April’s light vehicle sales figures for the US appear to confirm that the gradual US economic recovery is on track. That a seasonally adjusted annualised running rate of 11.2m units for the month is widely viewed as being in line with the upturn we can expect tells its own story.
This is an upturn from a very low base. But a SAAR of 11.2m is still a significant improvement on the 9.2m level seen in March of last year. We are, at least, moving in the right direction.
And a raft of very positive Q1 financial results from big suppliers last week is another indication of better times. Indeed, vehicle production levels have surged this year in North America as demand has picked up and vehicle manufacturers have sought to rapidly rebuild depleted stocks. That has quickly fed into much improved production schedules and boosted financial results for suppliers.
Looking forward, JD Power forecasts that North American vehicle output in the second quarter of 2010 will be up 56%, compared with last year, with volume at 2.8m units.
As a result of low inventory and a robust selling rate, JD Power forecasts that North American vehicle production in 2010 will reach 11m units. That represents an increase of nearly 30% from just 8.5m units in 2009.
But forecasters are staying cautious on the strength of the recovery to underlying demand. Unemployment remains high. Confidence, if improving, could be fragile.
And widespread sovereign debt is kicking around in the background as something that threatens to get ugly in some parts of the world.
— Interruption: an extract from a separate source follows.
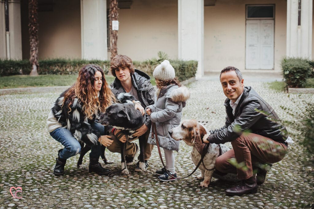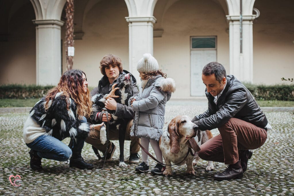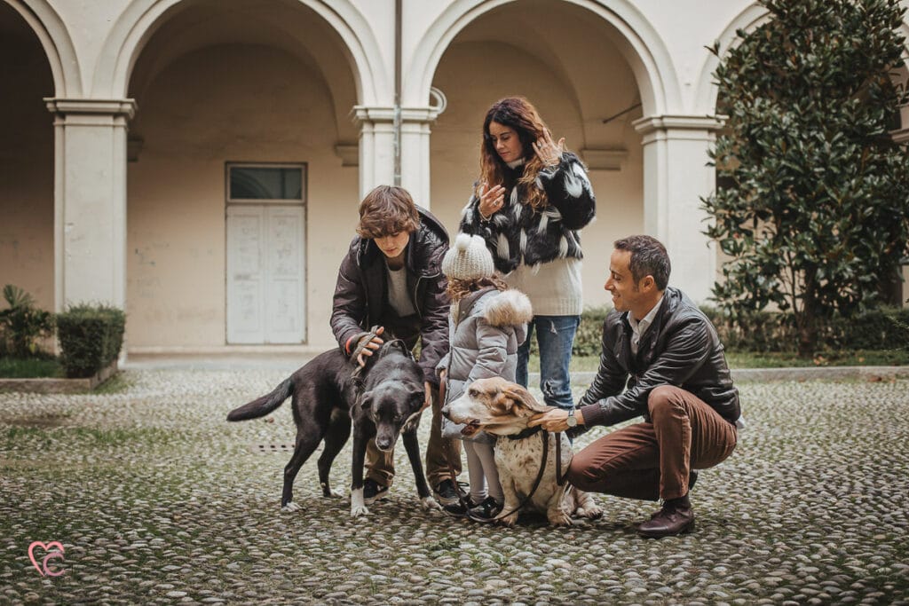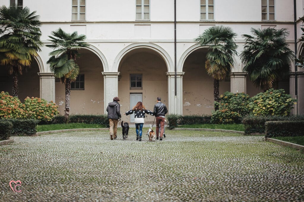 Un altro loro desiderio era quello di inserire negli scatti anche i loro due cani, ma vista la mole abbiamo optato per fotografare tutti e sei in cortile… e che cortile, un antico chiostro di un ex convento!

An emergency deal has been arrived at to patch up severe pressures in Greece.
Many other countries, too, face a big challenge in lowering national debt in the future. The standard remedial action – higher taxes and/or lower public spending – threatens to dampen economic activity further out. If interest rates were to rise significantly too quickly, all bets are off.
And as recent events in Greece have demonstrated, austerity budgets are a medicine that some countries’ populations and (ultimately) governments may not want to take. And the markets will react badly to that and to any potential problems for the banks that have done the lending. We have been there before.
Something else to keep an eye on is China’s booming economy. The authorities there are keen to dampen what they see as ‘overheating’. A credit squeeze has begun. Chinese manufacturing grew at a slower pace in April according to a survey of more than 400 companies, indicating that Beijing’s efforts may be taking effect already. Let’s hope they get the delicate balancing act right. The auto industry in China has enjoyed phenomenal growth over the past two years and will surely be vulnerable if China’s economy slows sharply later this year (when vehicle market year-on-year growth rates will be easing anyway).
So, yes, there is some much better economic and market news around. But, as ever, there are a few concerns in the background to temper it.